Витгенштейн не разделяет филологическую точку зрения на язык, апеллирующую к классикам. Разработанная Ницше генеалогия концептов, понятых как метафорические дериваты (как голый остаток метафор), была также чужда для него. Однако их сближает ряд позиций относительно концепции языка, критики его использования в соответствии с философской грамматикой, отрицания его «несправедливости» в сравнении с ценностями общества «сильных характеров». Но без ответа остается еще один вопрос: появлению какого рода «нас» стремились способствовать Витгенштейн и Ницше, каждый соответственно?

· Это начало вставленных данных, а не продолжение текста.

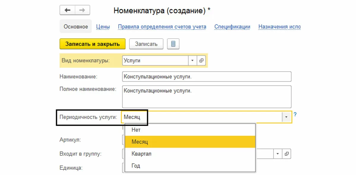 Помимо настроек автозаполнения, в программах 1С есть некоторые хитрости, которые знают эксперты и консультанты 1С, но рядовые пользователи могут просто не обращать на них внимание. Например, в карточке «Номенклатура», при выборе «Вид номенклатуры-Услуга», есть поле «Периодичность услуги».
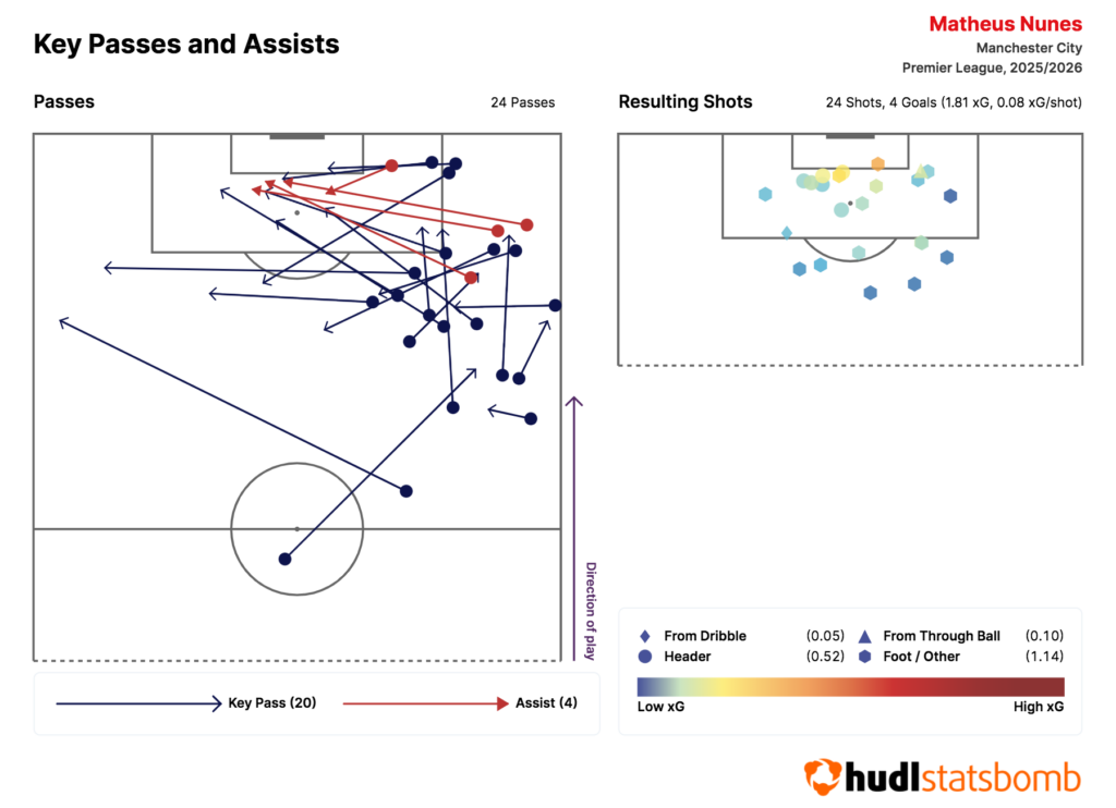 With Nico O’Reilly (£5.0m, 47.7% ownership in the top 100k) and Marc Guehi (£5.1m, 16.4% ownership in the top 100k) both more highly-owned than Nunes, the right-back offers plenty of upside as a differential for those Fantasy managers in need of a late-season push.
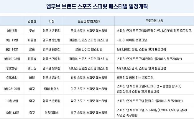 이번 '스포츠 스피릿 페스티벌'은 엠무브의 브랜드 통합을 기념하며, 스포츠를 통해 가족, 친구, 이웃, 국경을 초월해 하나가 되는 의미를 담고 있다.
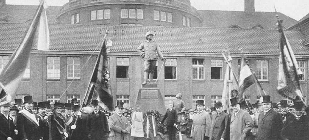 Einweihung des Wissmanndenkmals vor dem Vorlesungsgebäude / ehem. Kolonialinstituts in der Hansestadt Hamburg, 1922. Foto © Zache, Hans: Das deutsche Kolonialbuch, Leipzig 1925.

Для читателя, хорошо знакомого с Витгенштейном, работа Ницше «Об истине и лжи во внеморальном смысле» (1873) изобилует прозрениями, предвещающими будущий «грамматический [361] поворот» (не путать с «лингвистическим поворотом»). И все же у самых истоков этих двух очень схожих концепций отношения языка и мышления можно обнаружить две различные концепции Воли.

Критика языка Витгенштейном может быть прочитана как транскрипция ницшевского неприятия стадного инстинкта, который имеет тенденцию снижать уровень мысли. Сходство настолько сильно, что мы не удивляемся даже тогда, когда обнаруживаем сходство в стиле, ибо последний связан с диагностированием языка как симптома стадной лжи, или, иначе говоря, болезни Kultur . Конечно, если принять во внимание то, что каждый из них сказал бы о повседневном языке, то мы, очевидно, обнаружим значительную разницу: как мы уже упомянули выше, ницшевский генеалогический жест предполагал придание новой ценности забытой первичной метафоре «интуитивного человека» в ущерб вторичных и производных абстрактных концептов «архитектурного человека».

В метафорах отражается биологическая тенденция к знанию. Дело в том, что наши мысли связаны с органическими импульсами. Тело думает, хотя и не говорит. Язык по своей природе связан с реакцией: что он берет от тела, то он и использует против тела, которое он игнорирует и подавляет (см. комментарии М. Хаара). Витгенштейн же, напротив, хотел видеть в обыденном или, скорее, в «естественном» языке, абсолютно правильный в самом себе язык. Это представление о внутренней правильности естественного языка бесспорно чуждо риторике Ницше. Есть несколько фундаментальных причин для этой значимой разницы, на которые я хотела бы здесь обратить внимание.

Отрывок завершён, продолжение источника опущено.